START Data

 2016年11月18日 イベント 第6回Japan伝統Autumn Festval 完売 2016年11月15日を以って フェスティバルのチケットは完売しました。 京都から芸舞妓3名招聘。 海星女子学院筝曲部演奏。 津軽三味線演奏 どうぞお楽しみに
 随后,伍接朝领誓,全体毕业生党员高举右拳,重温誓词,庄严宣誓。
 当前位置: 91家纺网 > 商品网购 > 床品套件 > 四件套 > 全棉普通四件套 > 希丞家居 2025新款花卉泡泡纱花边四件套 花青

END Data
START Data

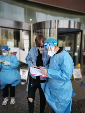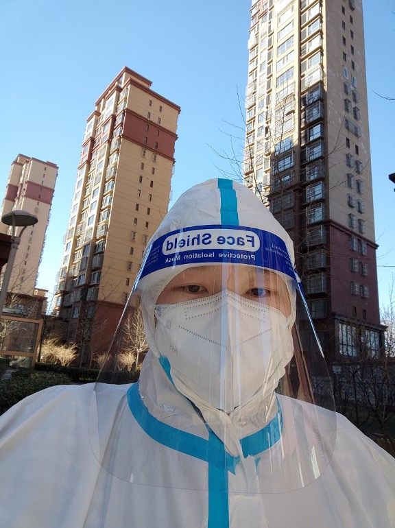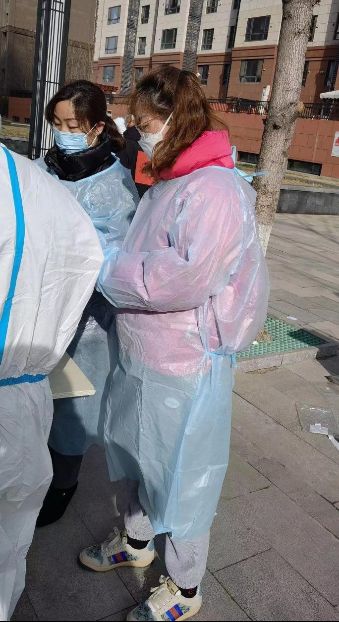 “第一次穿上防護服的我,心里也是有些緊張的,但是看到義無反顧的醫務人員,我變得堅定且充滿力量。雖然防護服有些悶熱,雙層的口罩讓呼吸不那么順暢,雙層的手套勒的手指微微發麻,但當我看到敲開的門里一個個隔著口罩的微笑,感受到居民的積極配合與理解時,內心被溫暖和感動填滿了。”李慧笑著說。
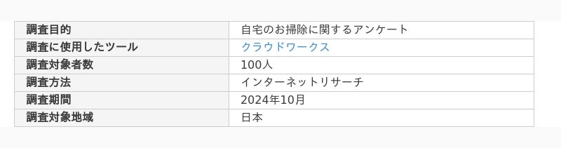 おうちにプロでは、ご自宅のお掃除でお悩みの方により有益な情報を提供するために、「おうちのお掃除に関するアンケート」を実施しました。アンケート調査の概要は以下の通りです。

END Data

--- Problem to solve ---
What you give back should be exactly the lines of the data above from the line with "2016年11月18日 イベント 第6回Japan伝統Autumn" through the line with "当前位置: 91家纺网 >", both of those included, and nothing more.

--- Task result ---
 2016年11月18日 イベント 第6回Japan伝統Autumn Festval 完売 2016年11月15日を以って フェスティバルのチケットは完売しました。 京都から芸舞妓3名招聘。 海星女子学院筝曲部演奏。 津軽三味線演奏 どうぞお楽しみに
 随后,伍接朝领誓,全体毕业生党员高举右拳,重温誓词,庄严宣誓。
 当前位置: 91家纺网 > 商品网购 > 床品套件 > 四件套 > 全棉普通四件套 > 希丞家居 2025新款花卉泡泡纱花边四件套 花青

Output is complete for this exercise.